Sistem politik dimanapun, menempatkan kuasa segelintir pihak, atas mayoritas lainnya. Kelompok lapis kekuasaan tertinggi ini dikenal sebagai elit politik.
Lingkar kuasa, menempatkan para pemimpin politik sebagai pihak, yang memiliki kemampuan untuk mengambil keputusan, bagi kepentingan kolektif.
Elit politik memegang power (kekuasaan), sekaligus (authority) kewenangan yang dilekatkan pada posisinya. Problemnya, ke arah mana hal itu hendak ditujukan?.
Konsep dalam istilah "elit politik", sesungguhnya dipergunakan sebagai bentuk sinisme terhadap kekuasaan.
Dikarenakan, sesuai Pareto, pemegang kuasa adalah residu. Karakteristik dasarnya adalah penuh kelicikan dan menggunakan kekerasan.
Prinsip tersebut, menguatkan deskripsi Machiavelli, yang mengatakan bahwa penguasa yang kuat, harus memiliki karakteristik cerdik dan kejam layaknya singa.
Benarkah demikian? Bagaimana implementasinya?.
Politik dimaknai sebagai proses sekaligus cara, dalam mencapai dan mempergunakan kekuasaan bagi kepentingan publik.
Para penguasa, sepanjang sejarahnya, memiliki ruang sekaligus panggung untuk menampilkan dirinya, sekaligus memunculkan gagasan yang dimilikinya.
Interaksi dengan publik, merupakan bentuk dari komunikasi politik, sebagai metode langsung yang dapat dipergunakan dalam memperluas persuasi, membentuk kesepahaman dan mengikat para pendukung.
Faktor yang dibutuhkan bagi seorang pemimpin dalam meraih dukungan sekaligus memobilisasi pengikutnya adalah dengan: expert power (basis pengetahuan), referent power (identifikasi kesamaan kesenangan), coersive power (konsolidasi rasa takut) dan legitimate power (legalitas kekuasaan).
Keseluruhan faktor tersebut, diharapkan dapat mendorong percepatan proses persuasi politik publik.
Bentuk dasar persuasi, adalah mendapatkan informasi, lalu membentuk cara berpikir, hingga dapat mengubah sikap, yang menimbulkan rasa kepercayaan pada seorang pemimpin.

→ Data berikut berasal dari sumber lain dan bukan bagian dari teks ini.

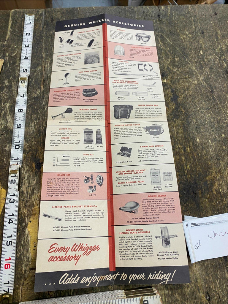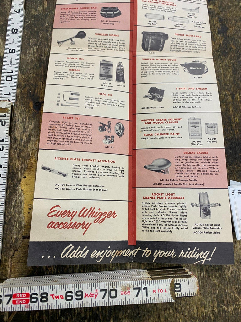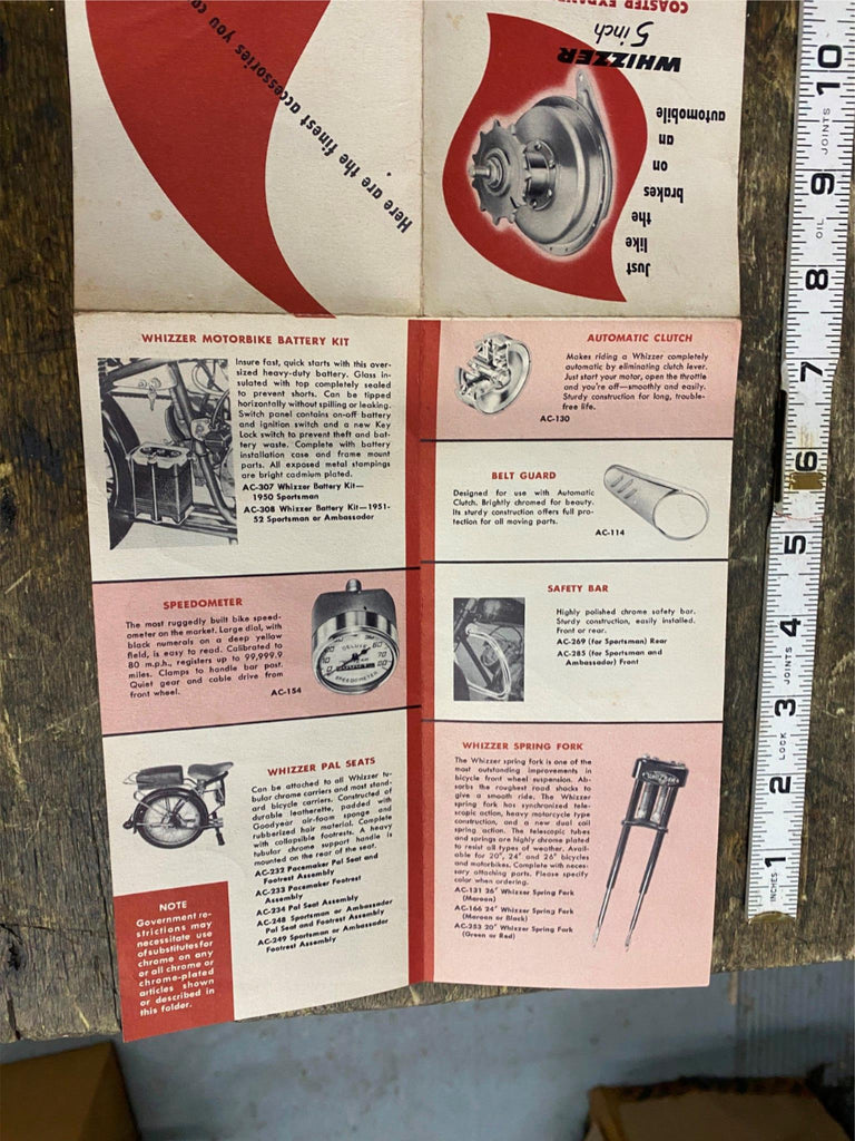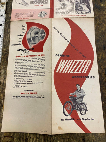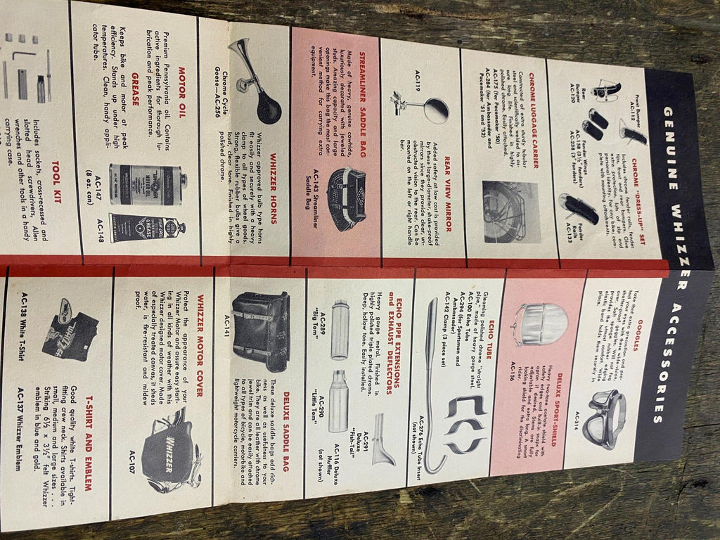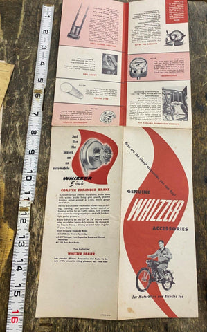 Vtg Whizzer Accessories Motorized Bicycle Catalogue Book 50's Brochure literature. Whizzer motor kits, originally introduced in 1939, allowed users to add a motor to their own bicycles.

Salah satu model dari upaya merawat kekuasaan dari elit politik, adalah dengan penggunaan metode komunikasi propaganda.
Kebenaran tunggal versi penguasa, bisa direproduksi secara berulang, hingga menjadi indoktrinasi, melalui aktifitas yang mengarah pada upaya kontrol sosial.
Konsekuensi atas model tersebut adalah potensi abuse of power, yakni penyalahgunaan kekuasaan.

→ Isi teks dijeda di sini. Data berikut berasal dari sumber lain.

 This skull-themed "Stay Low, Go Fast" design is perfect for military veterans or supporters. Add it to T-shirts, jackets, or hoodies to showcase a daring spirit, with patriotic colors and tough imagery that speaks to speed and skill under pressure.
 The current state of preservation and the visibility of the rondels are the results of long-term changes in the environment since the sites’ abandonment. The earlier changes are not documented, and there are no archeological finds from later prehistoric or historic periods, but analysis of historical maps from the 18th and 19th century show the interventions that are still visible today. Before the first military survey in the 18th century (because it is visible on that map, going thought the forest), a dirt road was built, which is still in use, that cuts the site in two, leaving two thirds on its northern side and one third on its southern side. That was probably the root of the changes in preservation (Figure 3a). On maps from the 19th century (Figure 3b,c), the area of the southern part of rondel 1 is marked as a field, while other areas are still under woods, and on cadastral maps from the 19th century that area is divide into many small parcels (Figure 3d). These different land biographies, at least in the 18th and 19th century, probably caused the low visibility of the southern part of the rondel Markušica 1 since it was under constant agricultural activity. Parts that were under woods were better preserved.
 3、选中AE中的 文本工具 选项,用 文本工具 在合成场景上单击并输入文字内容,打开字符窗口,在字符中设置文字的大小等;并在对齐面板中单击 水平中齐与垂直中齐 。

Dalam jangka panjang, penggunaan propaganda akan membuat terciptanya monolitik persepsi publik, melalui kontrol ketat penguasa akan selalu membenarkan kekuasaannya.
Lantas dengan terbentuknya homogenitas publik tersebut, akan menjadi mudah bagi penguasa untuk meredam gerakan oposisi politik.
Persuasi politik dengan model propaganda, kerapkali dilakukan secara manipulatif, menampilkan kebenaran mutlak bagi penguasa.
Dengan begitu elit politik, memang menjadi sebuah sinisme kekuasaan, karena dampak pengaruh penggunaan kekuasaan yang dapat menghancurkan pemilik sejati kekuasaan itu sendiri, yakni masyarakat!.